Hammarström Group - continuing

Electron transfer reactions are critical to convert light energy into chemical energy. Photoinduced electron transfer may lead to charge separation of a single electron-hole pair. However, fuel production and water splitting are multi-electron reactions, which are furthermore coupled to proton transfer. Our studies are focused on design and study of molecular systems for controlling photoinduced electron transfer and proton-coupled electron transfer, and for coupling photoinduced charge separation to multi-electron reactions.

We also study synthetic catalysts for H2 production and water splitting to understand the catalytic cycle. By a combination of spectroscopic, photochemical and electrochemical methods we capture intermediates and study critical reaction steps. We often use a biomimetic approach where our results on synthetic model systems can be compared to those of their biological counterparts.

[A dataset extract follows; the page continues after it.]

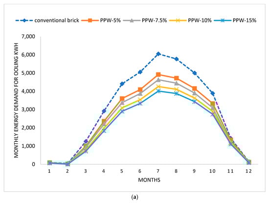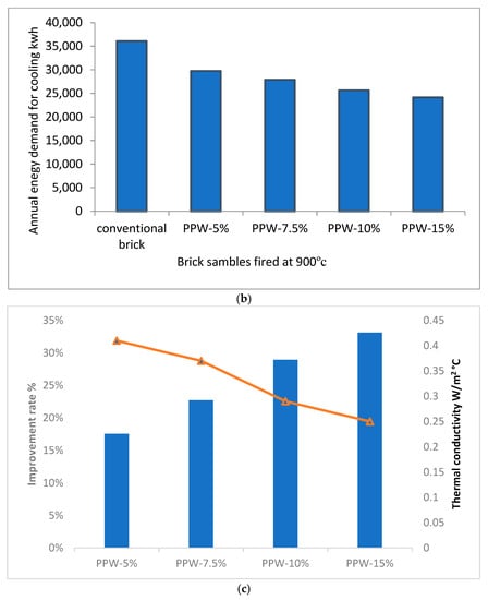 Figure 14a shows that the summer months of April through October had the highest monthly variation in energy use across all assessed brick samples. In addition, the conventional brick represents the worst-case situation in terms of cooling energy usage. Each brick manufactured from pomegranate peel waste requires substantially less cooling energy than conventional bricks. July, the hottest month of the year, is the month in which cooling energy consumption reaches its highest level. During this time of year, Aswan may reach temperatures over 45 °C. Figure 14b,c show that when conventional bricks are replaced with a PPW-15% brick sample, the building’s cooling needs decrease by 11,946.1 kWh, representing an improvement rate of about 33.13% compared to the base scenario (conventional brick). PPW-10% decreased the amount of energy used for cooling by 10,437.2 kWh, or an improvement of 28.95%. PPW-7.5% and PPW-5% have the ability to reduce cooling energy consumption by 8192.44 kwh and 6327.34 kwh, respectively, with corresponding improvement rates of 22.72% and 17.50%. Considering that space cooling contributes 37–42% of a building’s total energy requirement [,], this will greatly lower the building’s energy consumption.

We study electron transfer dynamics in dye-sensitized solar cells, mainly p-type photocathode materials (e.g. NiO) that are based on hole-injection. These are much less studies than their n-type, photocathode counterparts (TiO2 etc.) but open for the possibility of tandem cells for higher photovoltage devices- They can also be used for solar fuels generation where H2 production and water splitting occur in separate half-cell reactions. The nano-structured oxides are used as high-area materials for initial dye-oxide charge separation and charge transport, together with molecular dyes and catalysts for light harvesting and the catalytic reactions, respectively.